En cambio en un regulador switch el transistor tambien esta en serie pero este conduce en conmutacion (Se comporta como si fuera un interruptor mecanico), si aplicas la misma formula de disipacion esta sera ahora (tension de caida sobre el transistor Aprox.: 0,7V * intensidad que circula), o sea la disipacion ya no depende de la caida de tension sobre el dispositivo.

Esto que ahora voy a intentar expicar es un concepto IMPORTANTISIMO que es la Modulacion por Ancho de Pulsos (PWM: Pulse Wide Modulation)

Si tu tienes un circuito que genere pulsos de ancho variable (Ancho = Tiempo) y con este manejas al dichoso transistor de paso a la salida de este consigues una tension eficaz que sera directamente proporcional al tiempo de conduccion del Tr. (Mas tiempo = Mayor tension)
trabajando sobre el circuito que regula el ancho consigues ajustar tu tension de salida, si esta tension la realimentas al circuito que regula el ancho, o sorpresa consigues un regulador de tension.
Un dato interesante la tension eficaz de salida es proporcional a la superficie de la señal de 
salida.
Estos circuitos trabajan a frecuencias de 30 a 120 KHz y a la salida de estos necesitan un integrador que convierta los pulsos en CC, este es la bobina y el capacitor que habras visto en el dasheet del regulador.

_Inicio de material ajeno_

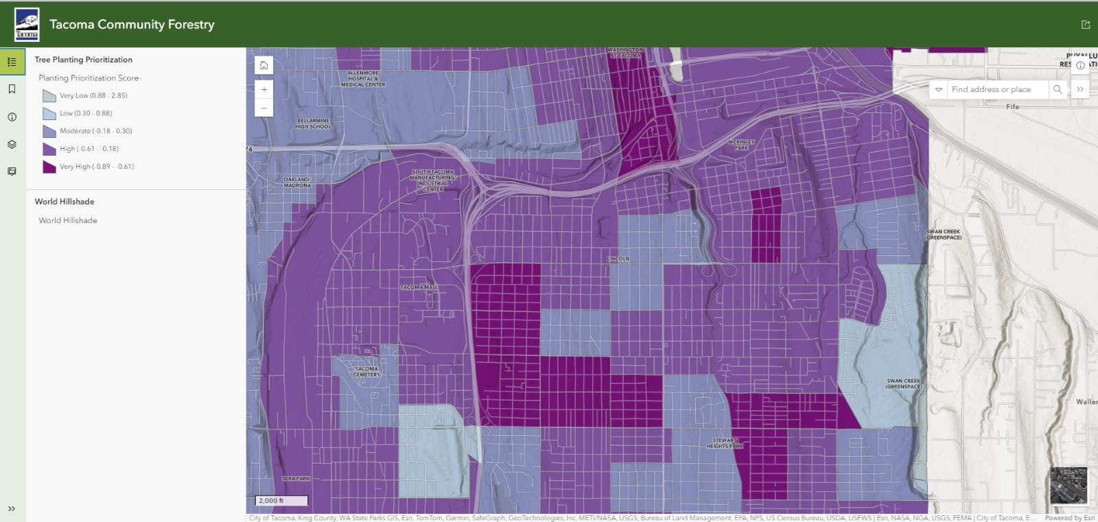 Tacoma’s current tree canopy covers less than 20% of the city, the lowest among Puget Sound cities allowing concrete and structures throughout the city to absorb and radiate heat unobstructed.

Algo mas y tal vez mejor explicado
http://es.wikipedia.org/wiki/Modulación_por_ancho_de_pulsos

Saludos


----------



## electroaficionado (Sep 30, 2007)

Muchas gracias fogonazo, como siempre información clara y precisa. 
Yendo un poquito a la práctica
Los circuitos con reguladores switching son complicados de armar, en cuanto al diseño de los circuitos RLC? Como decide uno el uso de reguladores lineales o switching?


----------



## Fogonazo (Sep 30, 2007)

Como dijo Confucio (Filósofo chino, 551 adC - 479 adC) mientras se fumaba algo ilegal:
Si tengo mucha caida de tension sobre el regulador uso sw, con poca caida 78xx.

Que clara que la tenia el chinito ! ! !

Tambien recuerda que los reguladores SW casi no necesitan disipador por su baja disipacion.
Respecto al armado lo mas fastidioso es calcular la bobina, que es mas molesto que fabricarla.


----------



## electroaficionado (Sep 30, 2007)

Gracias fogonazo por la leccion de filosofia. jeje
Me intereso mucho el tema porque estoy desde hace un tiempo por hacerme una fuente regulable (Lamentablemente las obligaciones no me lo permiten aun) y uno de los problemas a resolver era justamente la disipasión de grandes cantidades de calor, con valores de 30W o similares.
A partir de esto voy a ver las posibilidades de hacer una u otra.
?Existen reguladores switching negativos? como para poder hacer fuentes duales.
Saludos y como siempre gracias por tu paciencia y tu colaboración.


----------



## Fogonazo (Sep 30, 2007)

Si, pero no son indispensables, si construyes 2 fuentes iguales las puedes poner en serie y en el punto medio tienes tu "Cero" y depende cual salida midas + o -.
Unico requerimiento transformador con 2 secundarios separados o 2 transformadores.
Esto encarece un poco pero te da una versatilidad total, 2 fuentes positivas distintas, 1 fuente con doble tension o una funente positiva negativa.
Mi ultima fuente fue asi.


----------



## RaYo09 (Oct 5, 2007)

Hey una pregunta a kien me pueda resolver una duda.  he visto un diagrama aki mismo en este foro creo ke se llama  "fuente con lm4444444."  lo he probado y y si es regulada, pero a la hora de conectarle una carga,  en este caso un extractor de PC se cae el voltaje.  Alguien me puede decir por ke?


----------



## electroaficionado (Oct 5, 2007)

Eso es muy extraño. 
Estas seguro de haber hecho bien el conexxionado? todas las patitas dodne tienen que ir. 
Con que transformador la estas alimentando?
Cual es el consumoqeu el estas aplicando?

SAludos


----------



## anthony123 (Oct 5, 2007)

tenia el mismo problema.revisa el datasheet. la posicion de los pines del regulador.


----------